Posté par rtireau le 26 décembre 2016

Sainte Marie, Mère de Dieu – 01 janvier 2017

Nombres 6, 22-27 ; Psaume 66 ; Galates 4, 4-7 ; Luc 2, 16-21

Sainte Marie, Mère de Dieu – 1er janvier (vœux) – Journée mondiale de la paix. Alors ce sont forcément des vœux de paix. A commencer par un extrait du message du pape François : « Si les droits de l’être humain sont sauvegardés, de même que l’égale dignité de tous sans discriminations ni distinctions, la non-violence comme méthode politique peut alors devenir une voie réaliste pour le dépassement des conflits armés. Dans cette perspective, il est important que l’on reconnaisse toujours davantage la force du droit au lieu du droit de la force. »

Aujourd’hui, en célébrant Marie, nous célébrons l’Église qui porte en elle le Christ, comme Marie a porté Jésus. Si l’Église porte en elle le Christ, elle doit témoigner du Dieu de Paix que le Christ a fait connaître. Les premiers annonceurs furent les bergers, ceux que souvent on marginalisait : “Après avoir vu l’enfant…, les bergers racontèrent ce qui leur avait été annoncé au sujet de cet enfant” (Luc 2, 17). Et ils furent tellement convaincants que saint Luc ajoute : “Tous ceux qui entendirent s’étonnaient de ce que racontaient les bergers” (Luc 2, 18).  Alors je vous propose trois questions pour nous : Qui sont les bergers d’aujourd’hui ?  Qu’est-ce qu’ils annoncent ?  Quels vœux formuler en ce premier jour de l’année 2017 ?

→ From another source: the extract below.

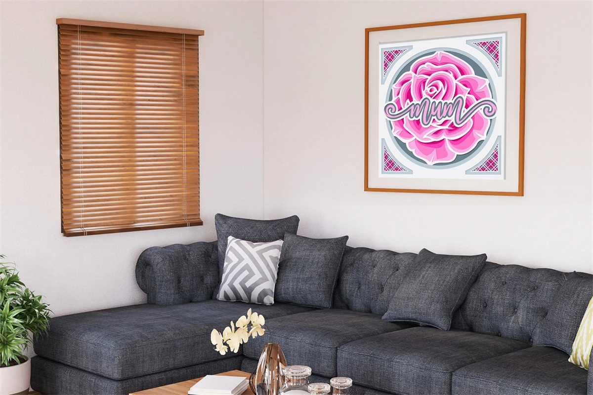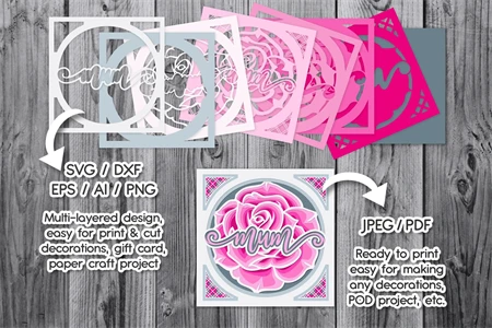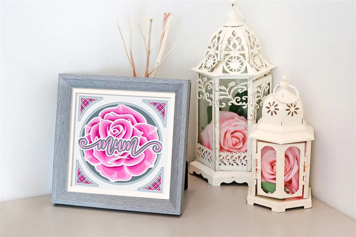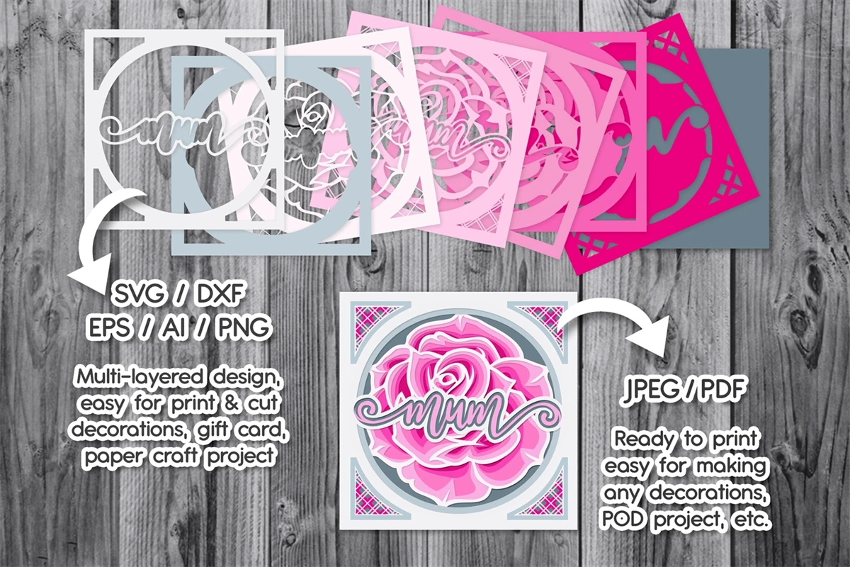 3D Pink Rose MUM Multi-Layered Design Flower SVG Clipart Cut Files in Yellow & Brown Tone color for your creative DIY projects, and Home Decorations. Perfect for papercut, scrapbooking, card stock, home decor, and Handmade Gifts for your Mum on Mothers Day.

Qui sont les bergers d’aujourd’hui ? Au temps de saint Luc, les bergers étaient considérés comme de pauvres marginaux. C’est pourtant à eux que l’ange annonce en premier la naissance de Jésus : (texte de noël) “Ne craignez pas, car voici que je vous annonce une bonne nouvelle… : Aujourd’hui, dans la ville de David, vous est né un Sauveur qui est le Christ, le Seigneur” (Luc 2, 10-11). Ça veut dire une fois de plus que Dieu a un faible pour les petits et les mal aimés.

Quelle Bonne Nouvelle annoncent les bergers ? Ils annoncent quelque chose de neuf. C’est pour ça que tout le monde est étonné. En effet, pour que le message soit bonne nouvelle, il doit être neuf pour parler à un monde qui change. Saint Paul dit que la Bonne Nouvelle est chaque jour neuve, comme chaque matin est tout neuf pour l’enfant qui court dire bonjour à son papa. Nous sommes, dit-il, fils et filles de Dieu, habités de l’Esprit de Christ qui nous invite à appeler Dieu : “Abba !” (Ga 4, 6), c’est à dire Papa.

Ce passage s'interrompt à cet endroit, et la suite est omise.